One confession deserved another, so Kip told Mary a few things about himself. That he considered himself no better than a living, unmoored Gallup. That he’d messed up more often than not. That somewhere out there another daughter had been left by an unworthy father to find her own way—nothing he was pleased about. Indeed, it was the greatest shame on his head, had shadowed him for a quarter century.
“Is that why you were such a globe-trotter, because you were running away from her?”
Kip shook his head. “Pitiful, isn’t it. Running from somebody who not only wasn’t chasing me but didn’t even know I existed.”
“I’m sure she’d love you if she met you.”
“She never will, though.”
“So long as you’re both still alive, there’s always hope.”
He turned the focus back to Mary, saying, “Look. You’re brave enough to share your problems with me. Why not trust Marcos to the same end? Promise me you’ll at least think about it.”
At breakfast the next morning he sat with the Montoyas. Spoons in cups, the spring of the toaster, the creaking of a cane chair as one or another shifted weight. Their familiar voices riffing over the purr of the refrigerator compressor in the kitchen. Kip thought of these as fundamentally the music of family. A place at the table was set for Franny, who often spent the night with Marcos when she didn’t have to work a late shift in Santa Fe or attend rehearsal. Kip sometimes wondered if he would be so tolerant about his child shacking up like this, not merely right before his eyes but coolly, calmly. Marcos and Franny sometimes came to breakfast dressed for their different days but bouqueted by the love they’d shared an hour before. This morning, however, she entered alone.
“What’s Marcos up to?” he asked her, not knowing why, other than that he wanted maybe to underscore the last point he made after trading revelations the day before.

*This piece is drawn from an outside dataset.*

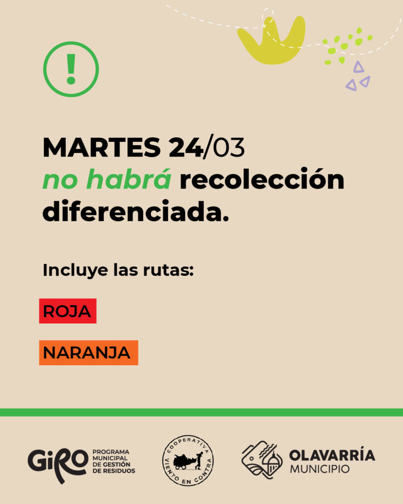 El Municipio de Olavarría, a través del área de Ambiente, informa que, con motivo del feriado en conmemoración del Día Nacional de la Memoria por la Verdad y la Justicia, el próximo martes 24 de marzo no se brindará el servicio de recolección diferenciada de materiales reciclables en el marco del Programa de Gestión Integral de Residuos (GIRO).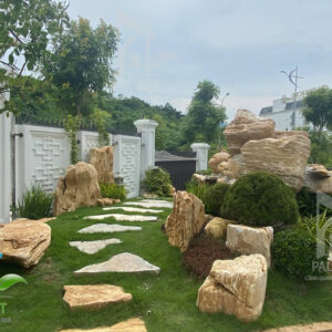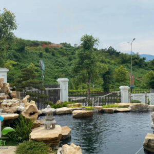 Trải qua thời gian thi công miệt mài, ngoại cảnh ngôi biệt thự đã được khoác áo mới. Với nét đặc sắc là những phiến đá to nhỏ nổi bật trên nền cỏ xanh. Khu vực hồ Koi rộng không quá cầu kỳ, những nét đơn giản như thế được sắp xếp một cách có chủ ý. Tất cả tạo ra một không gian hài hòa với phong cảnh núi đồi Lào Cai.

“Up to what he’s usually up to, right?” she asked Carl, who nodded. Of course he was, thought Kip. Marcos was an unfailingly consistent man, not unlike his folks. Reliable, tried, true. Traits both he and Mary, in different ways, emulated yet resisted. When Carl rose from the table, Kip knew he would, too. Would walk with him through the kitchen, out the door, and into their workday. Marcos would already be out dragging the arena with a round harrow pulled by a small tractor to prep it for the morning’s free-lungeing and sweating the horses. Kip wouldn’t need to ask which of those horses to let out first, or which paddock to put them in. Wouldn’t need Marcos’s help washing down any of their boarders. He had become integrated into Rancho Pajarito, despite his habit of behaving otherwise. That knowledge—brought on by the clink of a spoon in a cup, the most paltry sign of household commonplace—would follow him throughout his day and into the late afternoon down at the fieldhouse.
What Kip did before he left with Carl, though, was ask Franny, seemingly out of nowhere, if she’d ever met a guy named Clifford.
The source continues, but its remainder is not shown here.